I went into parenting not really knowing what to expect.  I had our first baby a couple of months after I turned 21, so I consider myself to be a young mom.  I read a few parenting books and gained advice from my parents and my husband’s parents so I understood the logistics of raising a baby and parenting (AKA- I knew all there was to know about keeping a baby alive while under my care).

But there were many other things I didn’t realize I would encounter in parenting and, well, when I encountered them along the way, I was a bit “shocked”.  Have you ever had a moment like that in parenting?  Where something happens and you’re left asking yourself, “Is that normal?  Is my child normal?
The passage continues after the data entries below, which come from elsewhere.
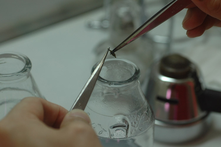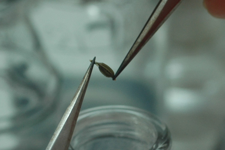 左手のピンセットで鞘を固定し、右のピンセットで鞘をはさみつぶすように鞘を割っていきます。ある程度押さえたら、パクッと鞘が割れ中から種が出てきます。
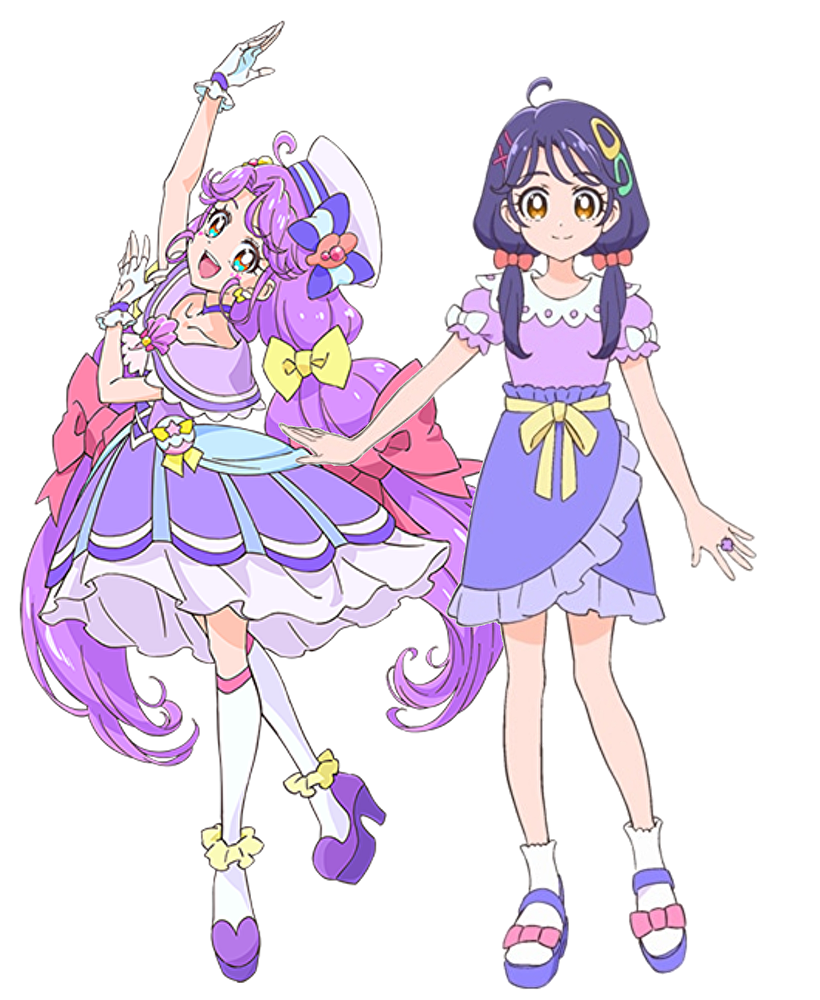 As Cure Coral, her eyes gain cyan heart-shaped flecks, and her hair turns light purple and grows long, worn like her civilian form, but held by big light yellow and pink ribbons. She also has hot pink hearts on her cheeks and a lighter one at the left. In front of the ears are curly strands and her bangs flare out. On her head is a white sailor hat tilting at the left with an indigo and light blue-striped band and bow with a pink coral-shaped shell in the middle at the same direction, followed by a big and small pink bead on top, along with a clip with yellow and pink pearls on her right, and she gains a dark purple V-shaped choker and yellow bow-shaped earrings. Her dress is light purple with a darker insert, white crisscrossed ribbons, and a low sailor collar. The collar has a white lower scalloped half and a dark purple band in the middle to accent the skirt which is wide with a short sky blue cape, pleats, and a ruffly petticoat. On top is a lilac seashell-shaped brooch and in the middle is a tiny magenta bow with a yellow pearl on top, beneath is a light pink scalloped tie. The V-shaped waistband is white. Additionally, she wears the Tropical Pact in a pale pink carry bag with a scalloped pale cyan flap, yellow bow and pastel pink star on top on her left hip, accented by a yellow ribbon. She wears light blue fingerless gloves with a heart cutout at the back and purple bands around her ruffly wrists, along with white below-knee-length socks with a pink band at the top and purple heart-shaped platform pumps, together with ruffled yellow anklets.
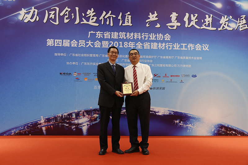 大会上同时对促进行业绿色发展、促进产业结构调整和转型升级,推进供给侧结构性改革等方面做出显著贡献的企业和个人进行了表彰。爱游戏(中国)洁能凭借着25年来日积月累的创新成果以及对中国建材行业发展做出的重大贡献,一举摘得四项奖励。爱游戏(中国)洁能、恒力泰荣获“改革开放40年·广东建材杰出企业奖”,董事长边程、恒力泰副总经理冯瑞阳荣获“改革开放40年·广东建材杰出贡献人物”。这充分肯定了爱游戏(中国)洁能在实施品牌战略、推进改革创新、科技进步、促进建材行业创新发展等方面做出的重要贡献。
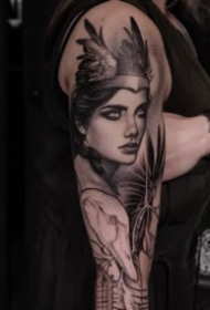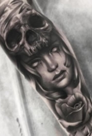 欧美黑灰小图人物骷髅眼睛写实肖像刺青图片
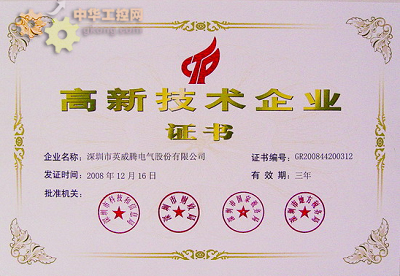 在zai國guo家jia重zhong點dian支zhi持chi的de高gao新xin技ji術shu領ling域yu,持chi續xu進jin行xing研yan究jiu開kai發fa與yu技ji術shu成cheng果guo轉zhuan化hua,形xing成cheng企qi業ye核he心xin自zi主zhu知zhi識shi產chan權quan,並bing以yi此ci為wei基ji礎chu開kai展zhan經jing營ying活huo動dong,重zhong大da高gao新xin技ji術shu成cheng果guo轉zhuan化hua項xiang目mu的de技ji術shu水shui平ping屬shu於yu國guo內nei領ling先xian或huo國guo際ji先xian進jin的de企qi業ye,經jing企qi業ye報bao審shen通tong過guo後hou,才cai能neng被bei認ren定ding為wei“國家級高新技術企業”。國家對高科技自主研發的發展高度重視,在2008年科技部、財政部、國家稅務總局聯合下發新的《高新技術企業認定管理辦法》中,提高了國家級高新技術企業認定的標準和門檻,對企業擁有核心技術的自主知識產權、員工素質和企業贏利這幾方麵來作為硬指標。能夠被認定為“國家級高新技術企業”是一個企業科技實力和科技水平的綜合體現,英威騰能達到要求的高標準、通過認證,充分證明了英威騰的高科技領先水平及企業的綜合實力。
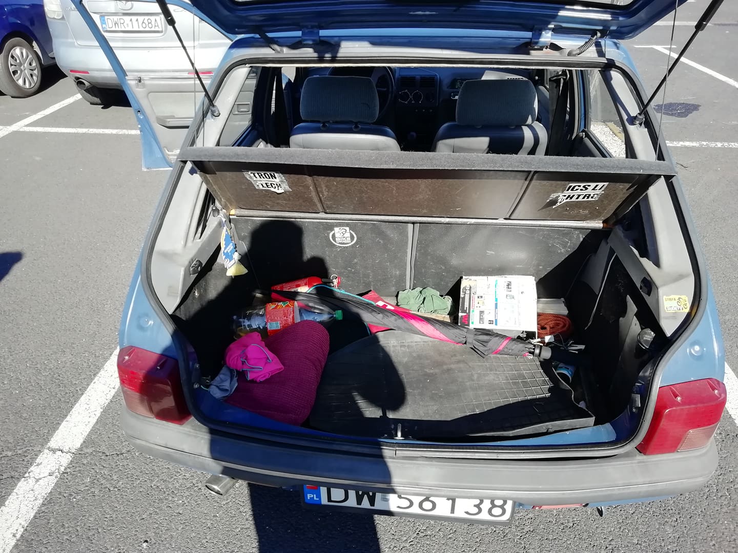 Rowerowe naklejki ładnie zeszły... Wszystko inne też się doczyściło. Używałem APC firmy Koch Chemie. Usunąłem nim nawet plamy z rdzy i towotu/smaru, które zastałem na oparciach foteli od strony bagażnika i na zagłówku kierowcy.
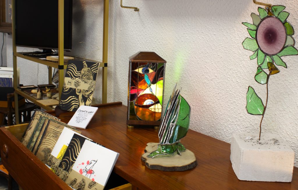 Dans ce magasin, le collectif Cinquini a souhaité « varier les formes d’art pour créer un ensemble convivial, où les pièces se parlent ». Les objets exposés sont souvent des pièces uniques, parfois même rares. Les céramiques d’Estelle Delmas et Marie-André trônent ainsi sur des tables et des étagères, aux côtés des bijoux éthiques d’Eugénie Leroux (présente avec sa collection les vendredis, les samedis et les dimanches) ; des créations en vitraux de Solène Caillat ; des illustrations et des carnets de Ma2line ; des bijoux, décorations et sculptures en bois de Thybault Girault ; des mobiliers et objets de décoration en tissage de Ghislaine Cinquini ; et des bijoux composés de pierres énergétiques d’Élodie. Kévin Carcelen propose quant à lui du mobilier et de la décoration datant du XXe siècle.
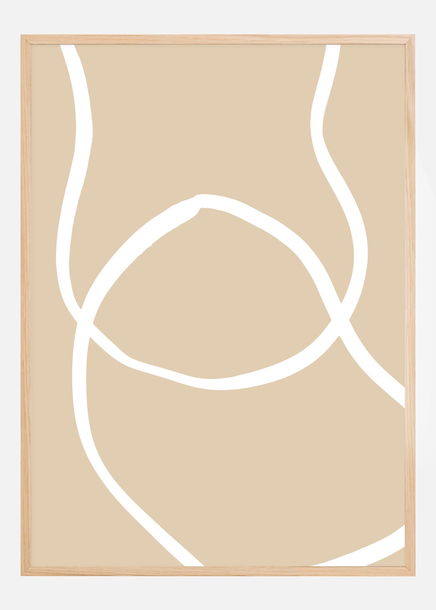 Um póster minimalista com linhas branco-creme que formam formas num fundo bege. As linhas curvas se movem pelo parágrafo, com um ponto de interseção no meio que atrai o olhar para a forma circular sobreposta. Para fazer uma declaração ousada, pode pendurar essa imagem numa parede azul-claro para realçar o bege.
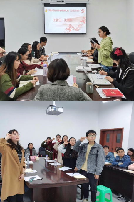 会议开始,2名待转正预备党员从政治思想、学习生活、党性剖析等几个方面进行了汇报,经全体到会党员投票表决,一致同意两人转为正式党员。随后,6名发展对象从入党动机、个人志向、自我认识、未来发展规划等几个方面进行思想汇报,支部书记进行了材料审核情况通报,经全体到会党员投票表决,一致同意吸收6名同志为预备党员。6名预备党员高举右拳,庄严宣读了入党誓词。马玲对6名新预备党员表示祝贺并提出期望,要求所有党员在工作和学习中时时刻刻牢记自己共产党员的身份,以更高的标准要求自己,加强自身建设,通过多方面途径学习党史。
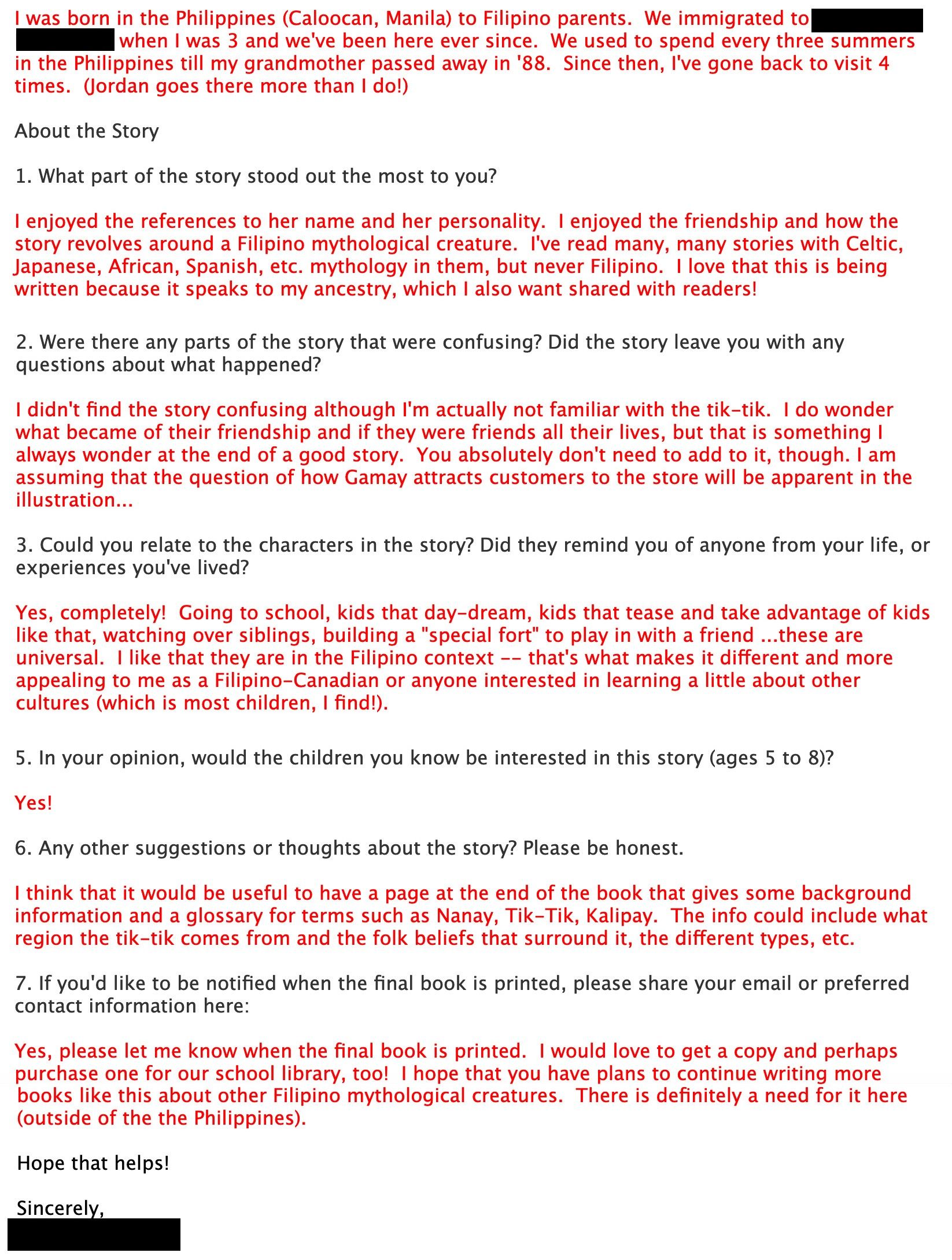 Knowing his wife was Filipina Canadian and a mom, I asked if I could interview her by email. I had a questionnaire to assess attitudes towards my book with diaspora Filipino parents. Jordan put me in touch with her (Interview excerpted here. Any identifying info is blocked out, to protect her privacy.)

Am I doing this parenting thing “right”?”

Here is a list of things that made me feel like I was parenting wrong but, in talking with other parents, I realize these are completely normal (as weird as they may be).

Kids make a lot of noise.  24/7. This one may seem like a no-brainer but I honestly had no clue just how noisy they can get.  Trying to respond to all loud noises will do nothing but leave you feeling very similar to a boomerang or yoyo.  There are happy noises, afraid noises, sad noises, silly noises, noises just for the sake of being noisy, and any combination of the aforementioned. The noises come when you least expect them (like in the middle of the night when you are trying to sleep) and when you least want them (like when you are on the phone… especially when you are on the phone… kids have a radar that goes off whenever their parents pick up the phone). After a while, I learned to tune out all of the non-emergent noises as a means of self-preservation.

noise

Kids are funny creatures.  Their sense of exploring and wonder are ever-present from the time they wake up until the time their sweet heads hit the pillow at night. The other day I discovered my one year old brushing his teeth in the toilet.  Was I shocked or disgusted? Nope.  Instead I was thankful that I had just cleaned the toilet the previous day. I also found my curious one year old eating food off the floor from under his high chair.  I’m thankful for two things: 1- our one year old has awesome survival skills in seeking out his own sources of food; 2- I figured now was as good a time as any to prepare a snack for all of the kids (and also sweep).

Laundry.  When we had just one baby and I was working full-time, I didn’t catch the hype parents had surrounding the mystical “unending laundry”.  After all, my family of then-three only went through two loads of laundry each week.  Totally manageable.  Fast-forward to today (family of seven) and this is what you get: piles and piles and piles of laundry.  I’m blessed in that I now have main floor laundry, right off our living room, so at least our piles of laundry are clean (unless there is a stomach bug outbreak… that can take days and days to catch up from).  Finding time to match socks or put away laundry? Yeah, I still haven’t mastered that one. But at least the laundry is clean, and that is half the battle, right?

Exhibit A: This is not a Google image. This is an actual picture of the monstrosity known as our sock baskets.

Exhibit A: This is not a Google image. This is an actual picture of the monstrosity known as our sock baskets.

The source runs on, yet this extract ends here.